It's already known in physical communities that the velocity of light always constant and not depend on motion of observer or source. But it is also teached to us that there are aslo Doppler shift experienced by light wave like that when measuring CMB radiation. But for me it is makes a non-sense. If I approaching the light source then the frequence of light I receive become increased, but when receding the light source the frequency of light I receive decreased. But in this two case the wavelength remain constant (or experienced length contraction in the same amount without seeing whether it is receding or approaching). Then the velocity of light not constant for this two case, becase velocity = wavelength x frequency.

2. Jan 2, 2018

### Orodruin

Staff Emeritus
No, this is not correct. You should learn actual relativity before you make blanket statements like this. The length contraction formula does not apply here in the way you think that it does.

3. Jan 2, 2018

### Ibix

That is true for things like sound waves in a medium at non-relativistic speeds. Neither of those statements applies to light.
This is not correct. Length contraction compares the length of an object as measured in a frame where it is moving to the length measured in its rest frame. Light has no rest frame; even if it did a frame where it is travelling towards you is not it.

Your analysis is based on false premises.

4. Jan 2, 2018

### vanhees71

Take a plane wave. It's characterized by the four-vector $(k^{\mu})=(\omega/c,\vec{k})$. The dispersion relation is covariantly written as $k_{\mu} k^{\mu}=0$, i.e., $\omega = c |\vec{k}|$.
Now in a frame, which moves with velocity $\vec{v}$ ($|\vec{v}|<c$) against the original frame the wave-vector components read
$$\tilde{k}^0=\gamma \left (k^0-\frac{\vec{v} \cdot \vec{k}}{c} \right), \quad \vec{\tilde{k}}=(\gamma-1) \frac{\vec{v} \cdot \vec{k}}{v^2} \vec{v}+\vec{k}, \quad \gamma=\frac{1}{\sqrt{1-\vec{v}^2/c^2}},$$
which clearly shows that both the frequency $\omega$ and the wavelength change under Lorentz boosts. Of course the dispersion relation doesn't change since it's expressed as a manifestly covariant condition, and thus $\tilde{k}^{\mu} \tilde{k}_{\mu}=k^{\mu} k_{\mu}=0$. This of course implies that also in the new reference frame the speed of light is the same as in the old one, $c$.

5. Jan 2, 2018

Staff Emeritus
Whoa! This is B-level!

6. Jan 2, 2018

### vanhees71

Well, #4 is B-level. B-level cannot mean to make things simpler than possible!

7. Jan 2, 2018

### Orodruin

Staff Emeritus
Sometimes B-level is “I am sorry you need to learn things at a more advanced level to understand this properly”.

8. Jan 2, 2018

### Staff: Mentor

The wavelength does not remain constant. The wavelength changes inversely to the frequency so that the speed stays constant.

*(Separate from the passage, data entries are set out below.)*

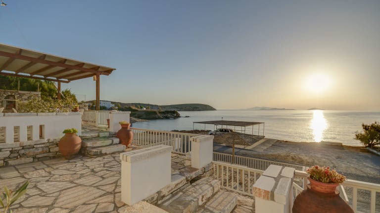 Im Agerino können Sie Ihr Frühstück im Café genießen und dabei den atemberaubenden Blick auf die Inseln Donousa und Amorgos genießen. Das Café bietet auch eine Auswahl an Getränken, so dass Sie den Tag in entspannter Atmosphäre ausklingen lassen können. In der Nähe finden Sie auch lokale Tavernen, in denen Sie traditionelle griechische Gerichte probieren können.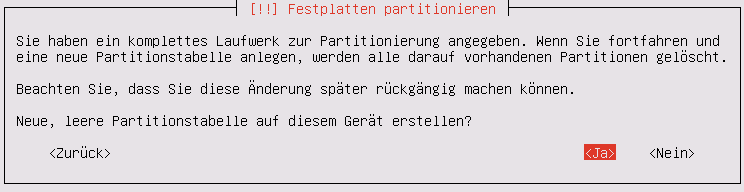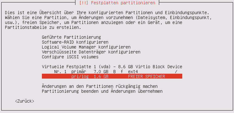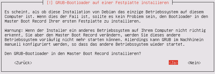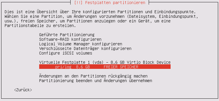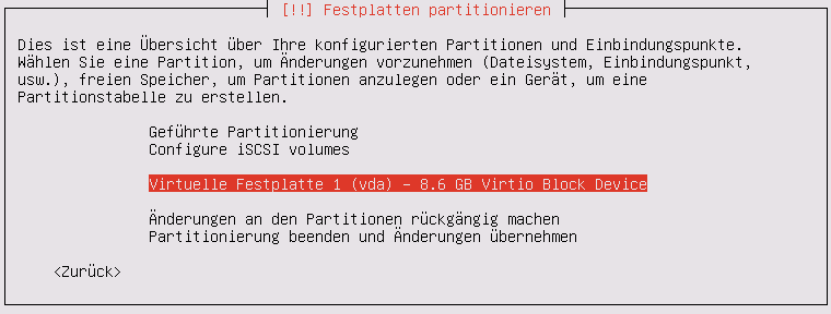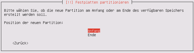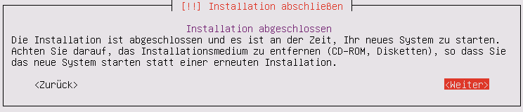 Hinweis: Wenn das System später läuft, nicht vergessen, den Starttyp "at boot time" zu stellen und das CD-ROM-Laufwerk entfernen.
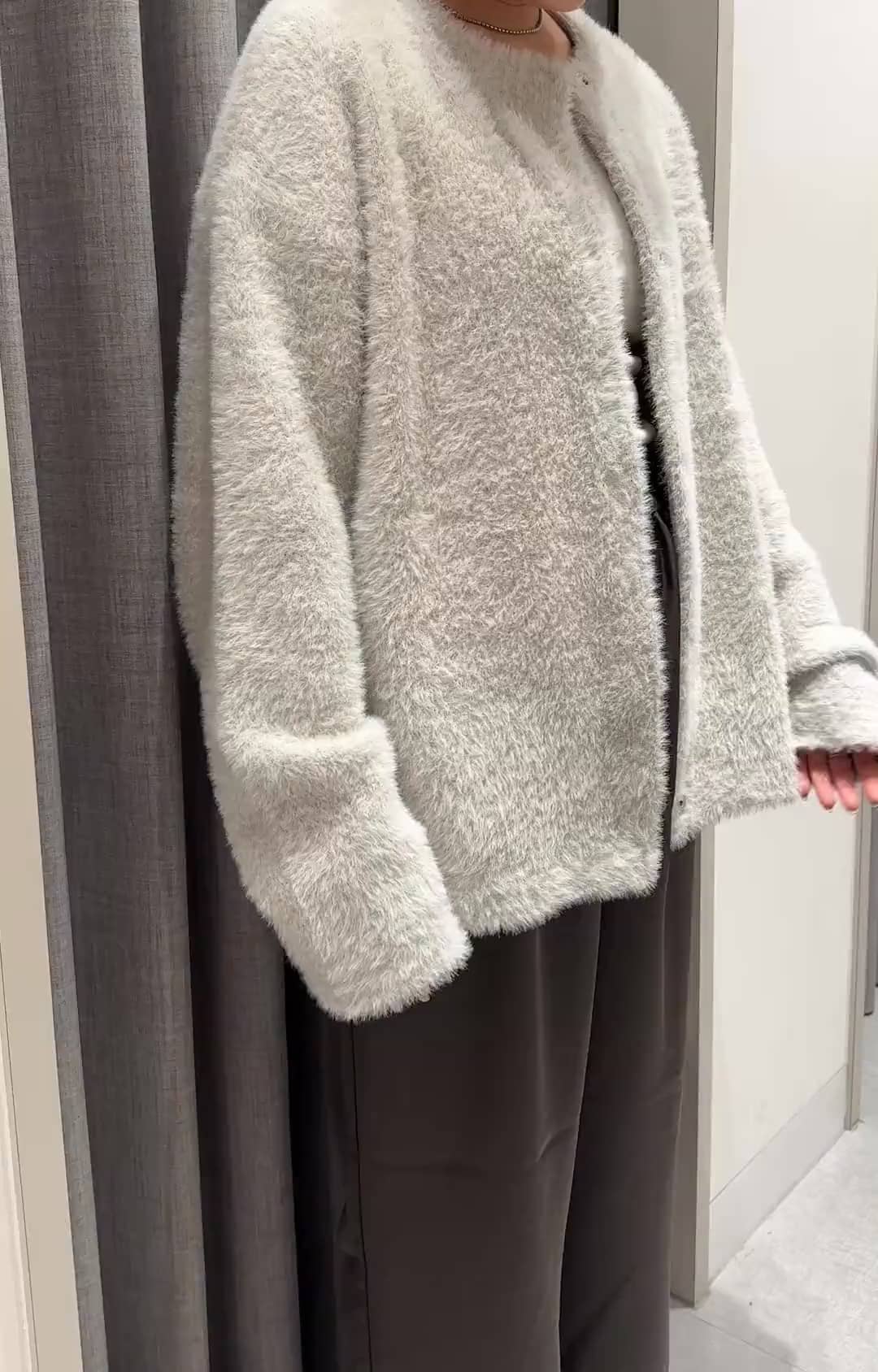 針織羽毛毛衣穿起來很時髦,再更冷一點可以內搭高領更好看,保暖與好看兼具。

The simplified length contraction formula does not apply here. You need to use the full Lorentz transform.

9. Jan 2, 2018

### timmdeeg

Yes.
No. In addition to what has been said I would like to add that energy is frame dependent. The energy and hence the wavelength and the frequency of light remain constant (which means that there is zero Doppler shift then) only in case the source is at rest relative to the receiver .

10. Jan 3, 2018

### vanhees71

The wavelength cannot stay constant if the frequency changes, because free em. waves obey the dispersion relation (in other words the relation that tells us that the electromagnetic field is a massless field):
$$\omega=c |\vec{k}|, \quad |\vec{k}|=\frac{2 \pi}{\lambda}.$$
This is valid in any frame of reference since it can be written in a manifest covariant way by introducing the four-vector
$$(k^{\mu})=(\omega/c,\vec{k}) \; \Rightarrow \; k^{\mu} k_{\mu}=0.$$
To say it again. There's no way to understand relativity without a minimum of mathematics. For an introduction, see my SRT FAQ article

https://th.physik.uni-frankfurt.de/~hees/pf-faq/srt.pdf

11. Jan 3, 2018

### timmdeeg

It depends on the level. For for a laymen it is already helpful if he can improve his notion and if wrong notions are disproved. To a certain extent this is possible without math. I suspect it is a challenge for experts to answer in ordinary language and that it would be easier for them to just write down the math.

It features PhysicsForums that there are experts who are willing and capable to talk to laymen.

Last edited: Jan 3, 2018
12. Jan 3, 2018

### Staff: Mentor

I agree. The OP has a conceptual problem with doppler shift that doesn't have anything directly to do with math or even Relativity.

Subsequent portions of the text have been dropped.